* **Action item**
In the answer, each line from the top of the material through the line that contains "婴童尿裤 三只小猪大童纸尿裤冬季款一体式全包拉拉裤男宝宝专用夜用尿不湿" is restated exactly. No picture is given again.

* **Provided material**
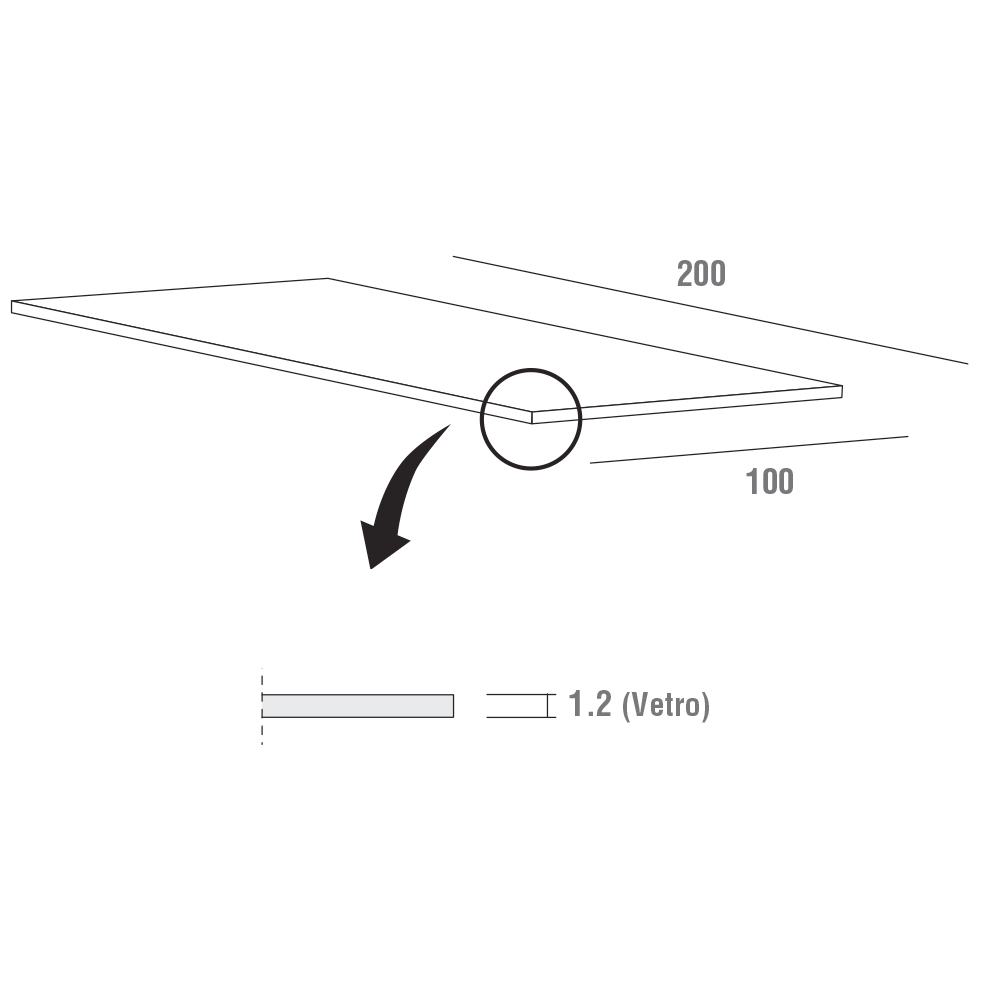 - L 200 x A 100 x H 76cm.
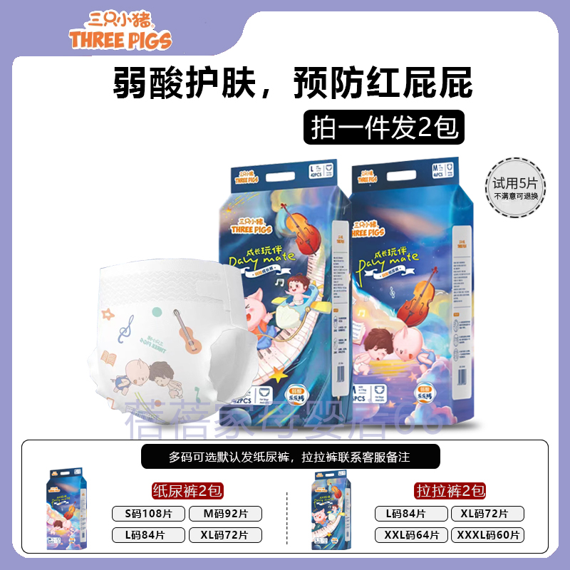 婴童尿裤 三只小猪大童纸尿裤冬季款一体式全包拉拉裤男宝宝专用夜用尿不湿
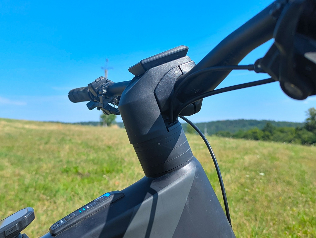 Za co ale Cannondale nezaslouží pochvalu je provedení kokpitu s integrovaným vedením i integrovaným displejem Bosch Kiox do představce. Integrace je trend, to je fakt, můžeme s tím nesouhlasit, můžeme proti tomu protestovat, ale to je tak vše. Osobně s integrací problém nemám, pokud mě jako uživatele neomezuje. A zde tomu tak je. Zvolené řešení totiž neumožňuje jednoduchou změnu výšky představce. Pro změnu je nutno zkrátit zaříznout krk vidlice, je nasnadě, že následné prodloužení již možné není...

* **Solution to this problem**
 - L 200 x A 100 x H 76cm.
 婴童尿裤 三只小猪大童纸尿裤冬季款一体式全包拉拉裤男宝宝专用夜用尿不湿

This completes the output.